As referências aos 80’s começam logo com os excelentes créditos iniciais acompanhados por uma música à John Carpenter (pelos S U R V I V E). Como não podia deixar de ser a marca que Steven Spielberg deixou durante aquela década faz-se notar. E.T. (os amigos, a fuga nas bicicletas, Eleven, a menina com poderes especiais que também vive escondida em casa de um deles, como o Extraterrestre em casa de Elliot) ou Encontros Imediatos do 3º Grau (a obsessão da mãe de Will ou Goonies (novamente a amizade). Também nos lembramos de Stephen King, dos filmes de monstros e de Stand by Me. As referências tornam-se mais evidentes nos posters nas paredes do quarto de algumas personagens juvenis (JAWS, The Thing, por exemplo).
Outro dos pontos fortes da série é o seu elenco. Principalmente o elenco juvenil, liderados pela excelente Millie Bobby Brown na pele de Eleven, uma rapariga que passou sua infância a servir de cobaia para a maléfica organização que está instalada nas redondezas da cidade. Matthew Modine (actor que teve o seu momento alto nos anos 80) está medonho como o líder dessa organização e Winona Ryder é a mãe de Will e cumpre no papel que desempenha, mas o destaque nos adultos vai para David Harbour no papel do xerife local.
Os irmãos Matt e Ross Duffer criaram uma das melhores séries de 2016, uma viagem no tempo a uma época que me diz muito e onde até a banda sonora recorda aqueles tempos: Joy Division, New Order, Echo & the Bunnymen, The Clash, Peter Gabriel, entre outros.
Eu que tinha a idade destes putos em 1983 adorei. Senti-me em casa e revi-me em cada um deles, em cada tijolo Panasonic, ou gira-discos, ou filmes, ou aventuras que vivemos naquela altura.
Não sabia o que era Banshee até há pouco mais de uma semana e assim que lhe peguei só consegui parar porque já não havia mais episódios para ver.
Um homem é libertado ao fim de 15 anos de prisão devido a um roubo de diamantes que correu mal. Ao sair da prisão é perseguido pela máfia ucraniana, a mando do seu chefe, Mr. Rabbit. Depois de descobrir onde está a sua ex-namorada Anastasia (filha de Rabbit), este desconhecido dirige-se para a pequena localidade de Banshee, na Pensilvania, onde Anastasia vive agora sob o pseudónimo de Carrie Hopewell e está casada com um procurador público local.

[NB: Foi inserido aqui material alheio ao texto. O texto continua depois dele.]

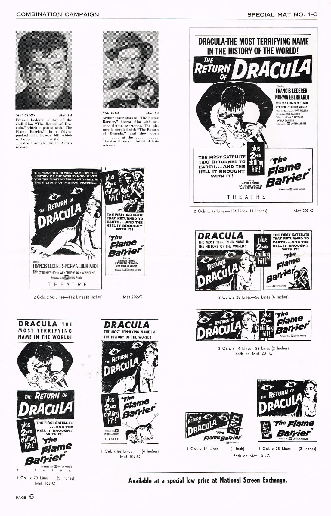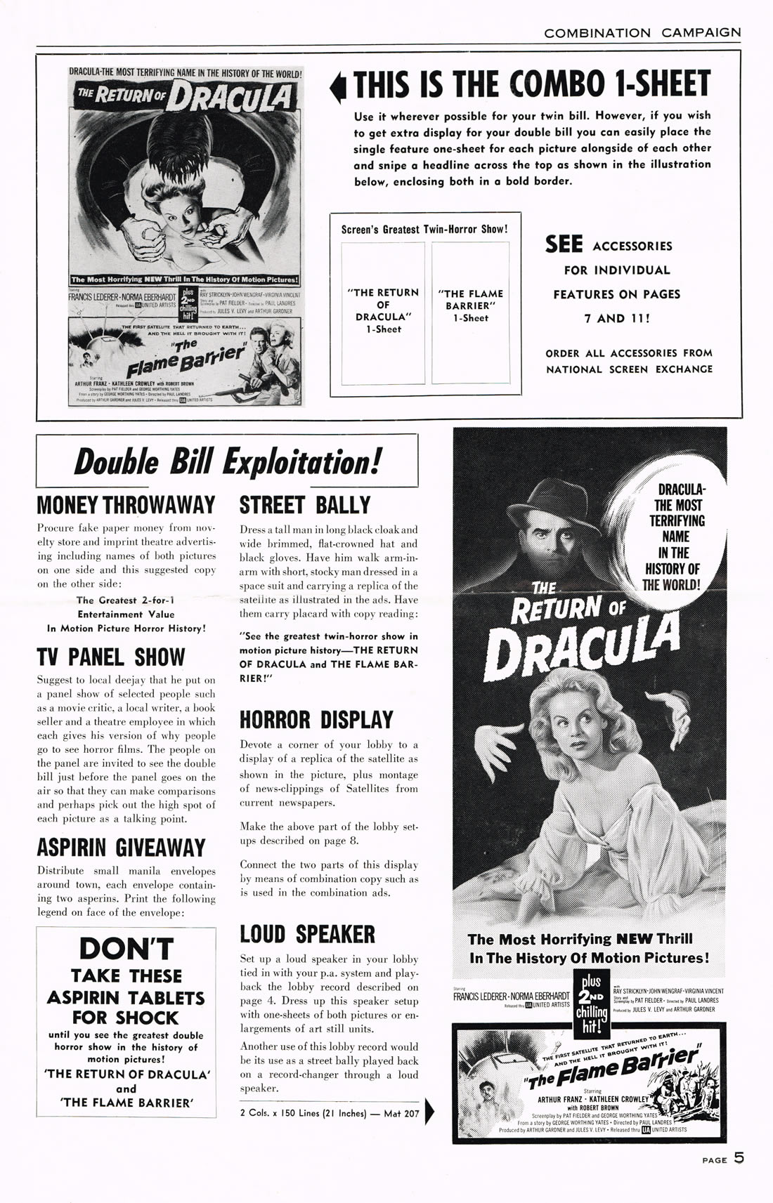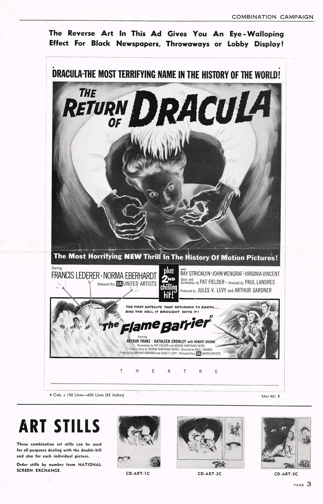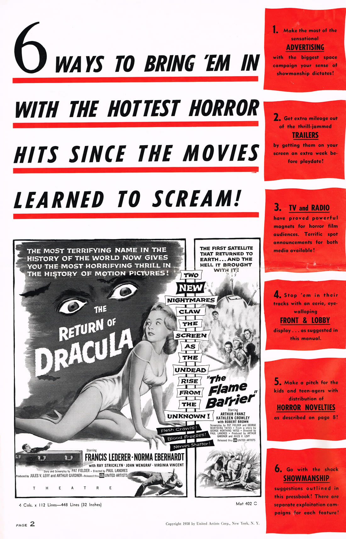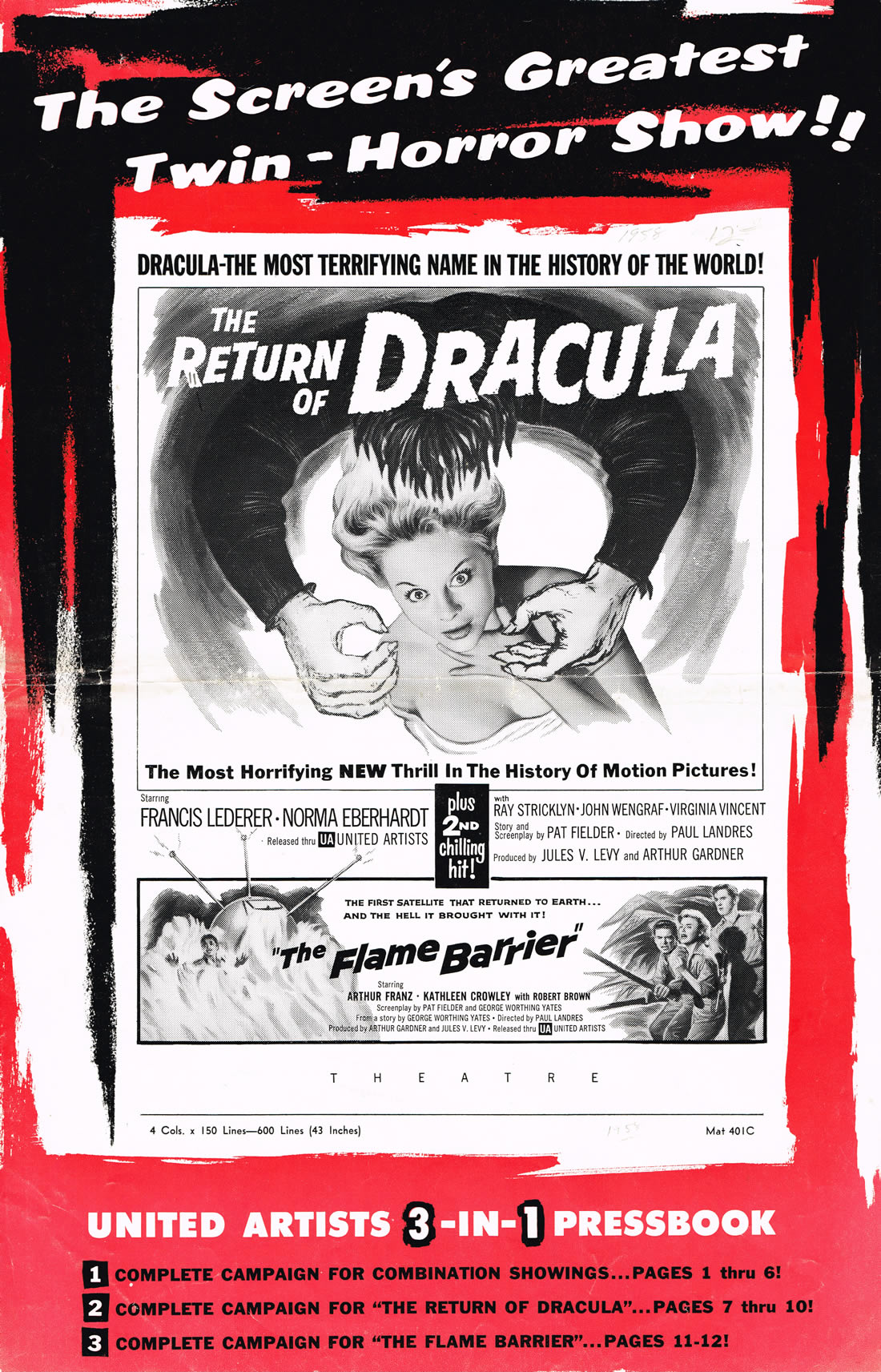 Here is an exuberant double bill pressbook for The Return of Dracula and The Flame Barrier. Notice how most of the box office promotion is geared toward Dracula and the vampire theme. The Return took a beating from Hammer's Horror of Dracula the same year (1958), but Francis Lederer and this United Artists release is not bad.

Entretanto chega à cidade um novo xerife, Lucas Hood que se irá apresentar no dia seguinte. Só que este é morto por dois rufias locais e o nosso John Doe assume a sua identidade e começa assim a sua saga como xerife de Banshee, tendo como principal inimigo um ex-Amish Kai Proctor, o senhor do crime da região, enquanto tenta recuperar a sua parte dos diamantes roubados e fugir a Mr. Rabbit que o quer morto a todo e qualquer custo.
São 4 temporadas de 10 episódios (a última tem apenas 8), de uma série criada por Jonathan Tropper e David Schickler, e que conta ainda com a presença como produtor executivo de Alan Ball (Six Feet Under e True Blood).
Muita acção, muito suspense e personagens do melhor (Job, Kai Proctor ou o sinistro Clay Burton são exemplo disso).